The medical assessment took a few minutes; acute malnutrition, with pneumonia. Amazingly the doctors felt the child could be saved, and so he and his mother were admitted. The mother didn’t
react; she was just too exhausted to be able to do anything more.
At this point we felt we were witnessing some kind of miracle. The centre has 4 phases for recovery, each lasting a couple of days. We moved on from admission – a 42 bed shed that had a
mother and baby on each bed. Most were also severely malnourished, and the silence hung in the air; the babies weren’t even crying. But, with high protein nutrition, antibiotics and a
sugar/water diet, they miraculously start to pull around. We are proud to have a recovery rate of around 97 in every 100 children admitted.

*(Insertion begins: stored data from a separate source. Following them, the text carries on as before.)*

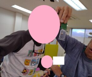 布団の姿勢になり、そのまま息を吹きかけてもらいます!体をキープしたまま息を吹くのは少しだけ筋肉をつかいます!みんな頑張ってふーふーしていました!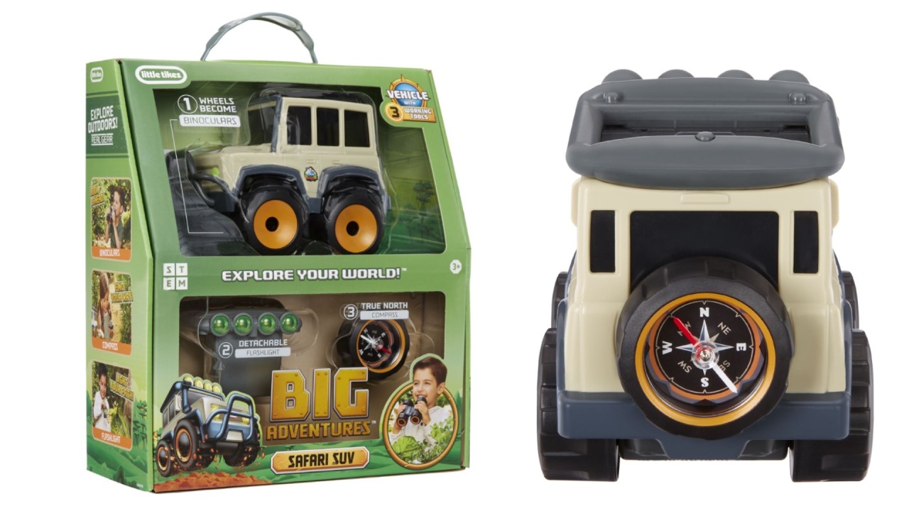 This Safari SUV truck includes three detachable tools: binoculars, flashlight and compass.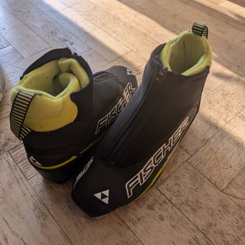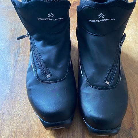 Pjäxorna är svarta med dragkedja framtill och överdrag som skyddar snörningen.
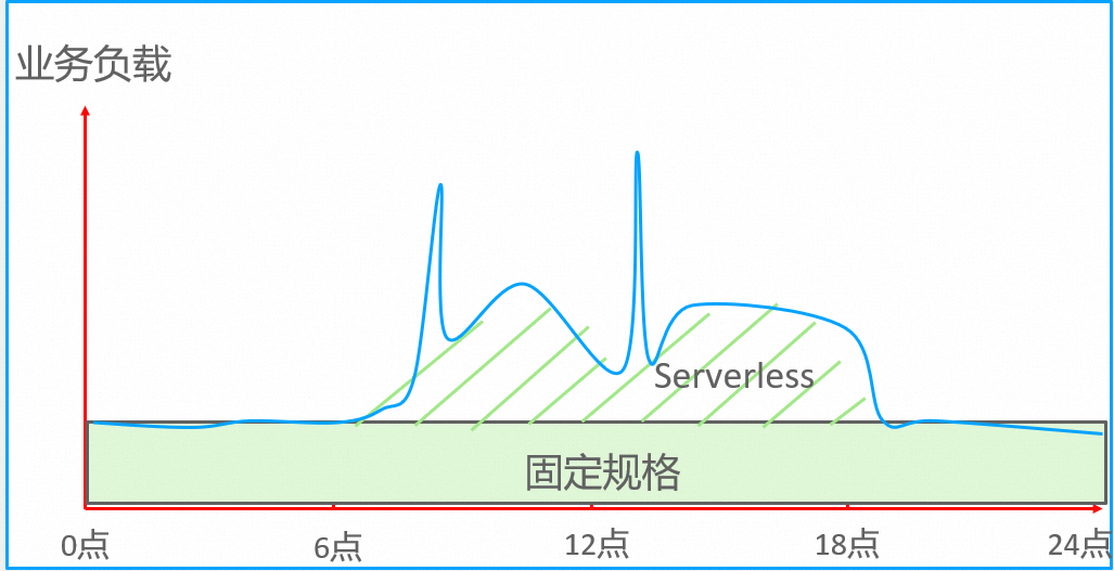 除了对外部业务的支持,PolarDB Serverless还解决了伊对内部业务的需求。例如,财务、审核、客服等业务在白天的工作时间段访问高峰期,而且往往会出现尖峰的业务访问压力,比如审核系统中有时存在多人并发审核的情况,拉取相同数据,审核后做回传,高并发下数据库资源不足时速度非常慢(通常1分钟),严重影响体验,但是如果将数据库实例规格调整过大满足尖峰时刻需求时,又会导致在平时的资源严重浪费,成本过高;为了应对此需求,PolarDB在2C或4C固定规格的集群上开启了Serverless功能,当尖峰压力来临时,PolarDB可以在1s内完成资源弹升,将业务处理时长从1分钟降低为3s内,很好满足了应用体验,同时没有带来更高的成本。

As they pass through the other 3 stages, incredibly for such a short stay, they put on weight and their nutrition levels stabilise. They will most likely be permanently stunted, and have a life
expectancy lower than the average of 43 years, but they will live. By the end of the process, they are conscious and - to a degree- lively. Their mothers are happy.
We entered the final stage of the process, and were greeted by whooping and clapping and mothers dancing in our honour. Still in shock at seeing such malnutrition, we were overwhelmed. The
mothers knew their children would live, at least for the next little while. We talked with them but even with a translator we had no words. The mothers had nothing to give us, apart from the wish
we would be blessed in this life, and receive our reward from Allah in the next. We left quietly, and without much conversation; it’s common to be emotional in this kind of situation, and
by keeping quiet you hold it back.
Back in the Land Cruiser I reflected that just to be a part of this is blessing enough.